# Injured/Infected Wattle how to treat



## FarmerInaDress (Mar 15, 2013)

I have only one goat with wattles and I just noticed that one of them was hard and crusty. The other one is normal, pliable, etc. I took her temp and it was normal, 102.8. I also handled the wattle and it did not seem to be painful to her. 

I am wondering what this could be. My suspicion is mosquito bites or a spider bite, but I have no experience with this. I wiped the whole surface of her wattle with an alcohol swab. What else should I do?


----------



## happybleats (Sep 12, 2010)

could you take a picture of it?..sometimes waddles get whats called a waddle cyst..they are harmless but can get pretty big..but if it burst could cause the waddle to be crusty from dried goop...have you seen any lump on it at all? a small one might go unnoticed if its near the top. i would give it a good cleaning and look closely , see if there was a cyst that burst...waddle cyst normally return even when lanced..I have several goats with waddles and only ever had one buck with a cyst..again..they are harmless ...not at all CL


----------



## FarmerInaDress (Mar 15, 2013)

I don't know that a pic would help much. It looks completely normal, no swelling or anything. I wouldn't have noticed except I was loving on her and petting her. It wouldn't show in a pic, but there was crusted matter beneath the hair on the wattle. I tried to find a source of the crust but could not. It is normal looking but when squeezed is very hard.


----------



## Texaslass (May 15, 2013)

That does sound like a waddle cyst to me. I had been meaning to talk about that on here sometime; we had a doeling that was born with waddle cysts. It was a little disturbing at first, though I got used to it. Sometimes I would try to squeeze them out a little when they got big, but it seemed to hurt her, and I was hoping they would go away, but they never did.  
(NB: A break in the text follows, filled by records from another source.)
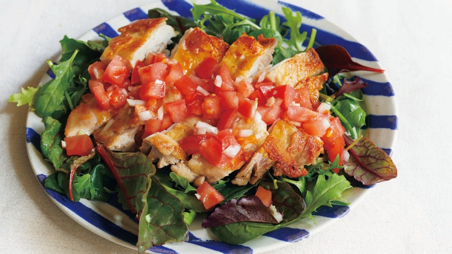 2のボウルに3のトマト、【トマトソース】の残りの材料、1で肉を休ませたときに出た肉汁を入れて混ぜ合わせる。器にベビーリーフを広げ、鶏肉を食べやすい大きさに切ってのせ、【トマトソース】をかける。
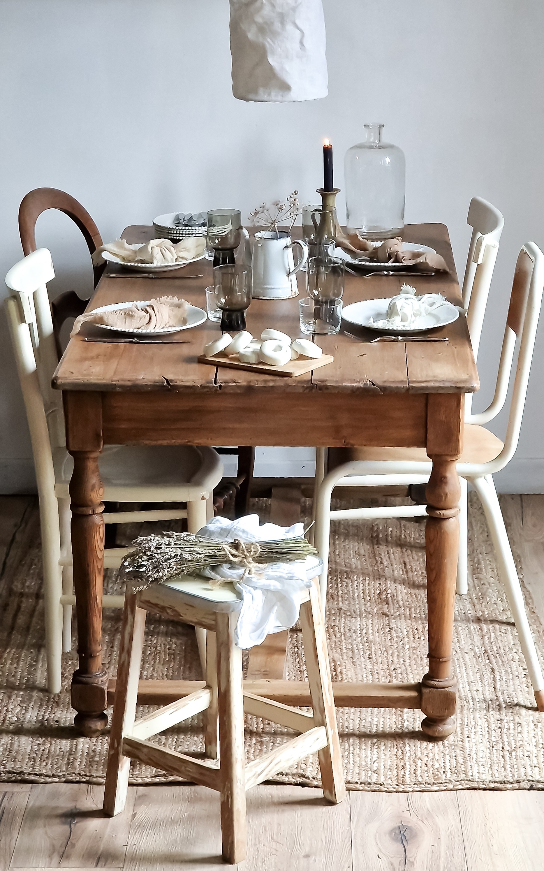 Dans un quartier animé de Paris, au cœur d'un appartement au charme vintage, trônait une ancienne table de ferme drapier Bénédicte, un véritable vestige des siècles passés.
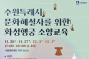 (한국글로벌뉴스 - 박소연 기자) 수원특례시가 문화해설사를 대상으로 화성행궁 고증 연구 결과를 교육해 ‘연구 기반 문화해설’을 정착시킨다. 수원시는 11월 26~27일, 12월 3~4일 4회에 걸쳐 수원문화재단에서 ‘수원특례시 문화해설사를 위한 화성행궁 소양교육’을 한다. 유네스코독일위원회와 유네스코한국위원회가 지원하는 이번 교육에는 수원문화재단·수원화성박물관·수원청소년청년재단 등에서 수원화성과 화성행궁을 해설하는 문화해설사들이 참여한다. 화성행궁 고증 연구의 성과를 해설 현장에 연결하기 위한 교육이다. 연구를 수행한 전문가들이 강사로 나선다. 강의 주제는 ▲화성행궁의 변화와 이중적 기능(이선희 중앙대 교수) ▲1794년 화성행궁 중심 영역의 건축적 변화(이연노 건축문헌고고스튜디오 건축구조실장) ▲화성행궁의 발굴(이승연 건축문헌고고스튜디어 건축고고실장) ▲화성행궁 생활상 고증과 공간 재현(정정남 건축문헌고고스튜디오 대표) 등이다. 수원시는 화성행궁 2단계 복원을 추진하면서 건축물 외형 복원뿐 아니라, 내부 고증에 대한 연구의 필요성을 인식하고, 2023~2024년 ‘화성행궁 생활상 고증 및 재현 방
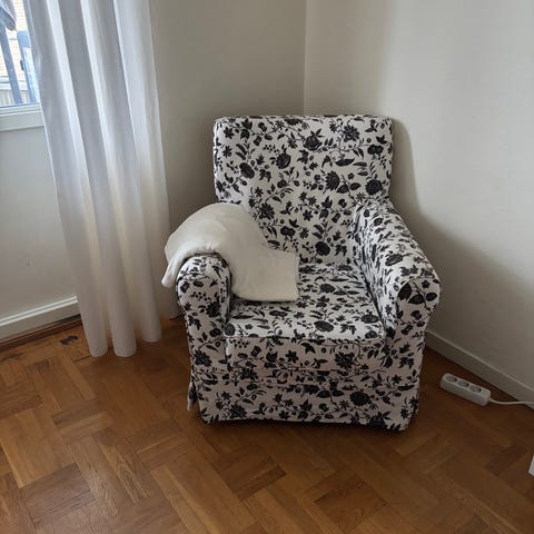 Bekväm och snygg fåtölj i sammetstyg, perfekt till vardagsrum eller sovrum. Stabil och stadig med träsben i ljust trä.
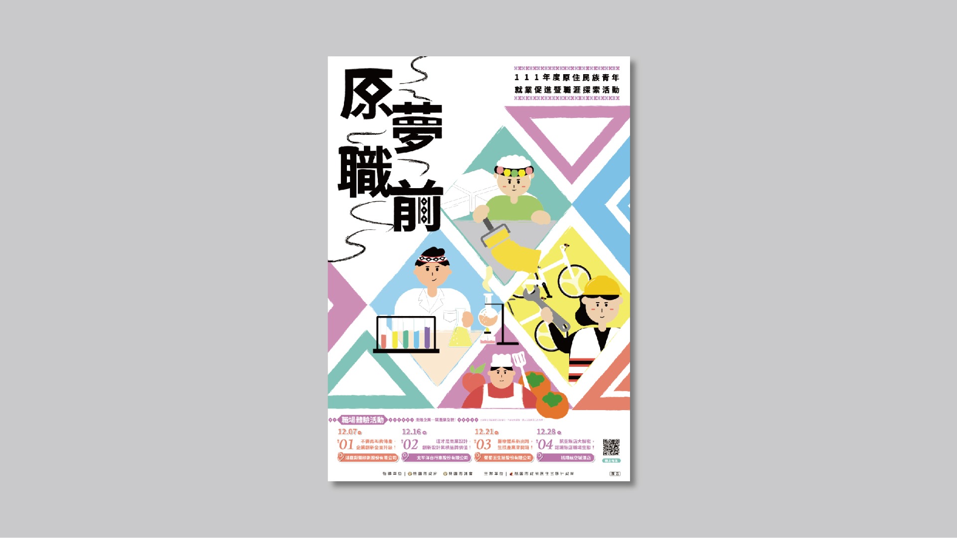 透過就業工作坊、職業探訪等活動,以實際參訪、經驗分享及議題交流,培養桃園市原住民族青年朋友職涯探索及職場軟實力,開創新視野且了解個人特質、職業種類及職場環境現況,獲得職業領域新知,建立就業憧憬,將所學結合資源並付出行動,讓原民青年從中探索職涯及建構職場知識,掌握未來職場契機,創造夢想藍圖,
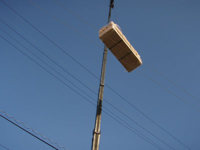 レッカーさん、電線の間を通してます
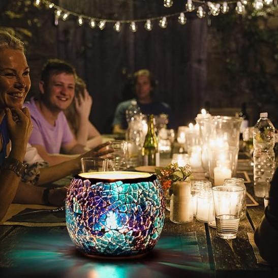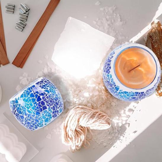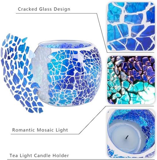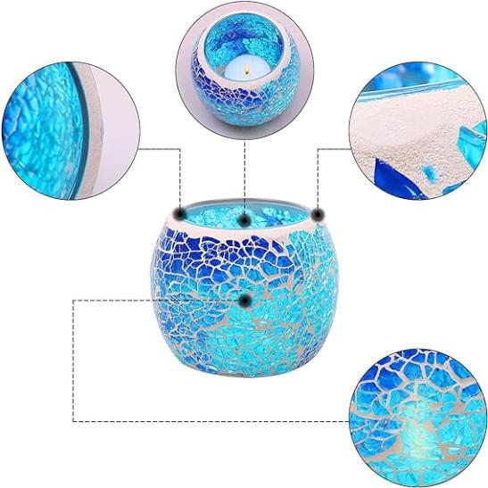 Romantic Larcenciel Mosaic Glass Candle Holder/Tea Light Holder/Vase/Pen Holder for Home Decoration Wedding Party (Blue)

It seems strange to me that they don't go away. :shrug:


We needed up selling that doeling, but not because of that - I actually wanted to keep her anyway, but we had too many kids. The man that bought one of our others wanted her so badly that we went ahead and gave in and sold her. It was probably good, lol, because we had too many.


----------



## happybleats (Sep 12, 2010)

humm, it could be she injured it or another goat was nibbling on it ( mine do that) I would at this point keep a watch...as long as she is doing well other wise....


----------



## FarmerInaDress (Mar 15, 2013)

Huh. Well I would just bring her in to the vet when I do a fecal this week, but I am not at all confidant in their diagnostic abilities after they tried to say a mouth/jaw abscess on my one month old doeling was CL and were completely wrong.


----------



## FarmerInaDress (Mar 15, 2013)

Ok HappyBleats. I figure as long as her temp is good I won't worry about infection. If I see otherwise it is vet time for her.


----------



## happybleats (Sep 12, 2010)

> It seems strange to me that they don't go away.


They can be as small as a pea or as big as a gulf ball..no they dont ever go away. Some lance them but they will grow back...some will remove the waddle at birth but if they are to get a waddle cyst they will still get one even after removing the waddle...as I said I have several with waddles..only ever had one born with a cyst..by the time he was four months old it was gulf ball size ..One thing I have not seen is one getting a cyst later in life...I have always thought they are born with them...unless the waddle got injured causing a cyst?? they are a mystery...but I do like the look of waddles lol...


----------



## happybleats (Sep 12, 2010)

thats sounds like a good plan...I bet she will be just fine.....


----------



## FarmerInaDress (Mar 15, 2013)

Interesting. Delphine is now 4 months old. She was most definitely not born with a cyst. I have noticed no irregularity with her wattles until today, and I try to check them all over every day when they eat grain.


----------



## goathiker (Apr 14, 2011)

Could she have scraped it sticking her head through the fence perhaps?


----------



## FarmerInaDress (Mar 15, 2013)

No, all of our fence is no-climb 2" by 4". I am really leaning towards spider bite...


----------



## happybleats (Sep 12, 2010)

If you fear spider bite..benadryl will help with any reaction she may have...5 cc ofr kids, 15-20cc for adults


----------



## Texaslass (May 15, 2013)

happybleats said:


> humm, it could be she injured it or another goat was nibbling on it ( mine do that) I would at this point keep a watch...as long as she is doing well other wise....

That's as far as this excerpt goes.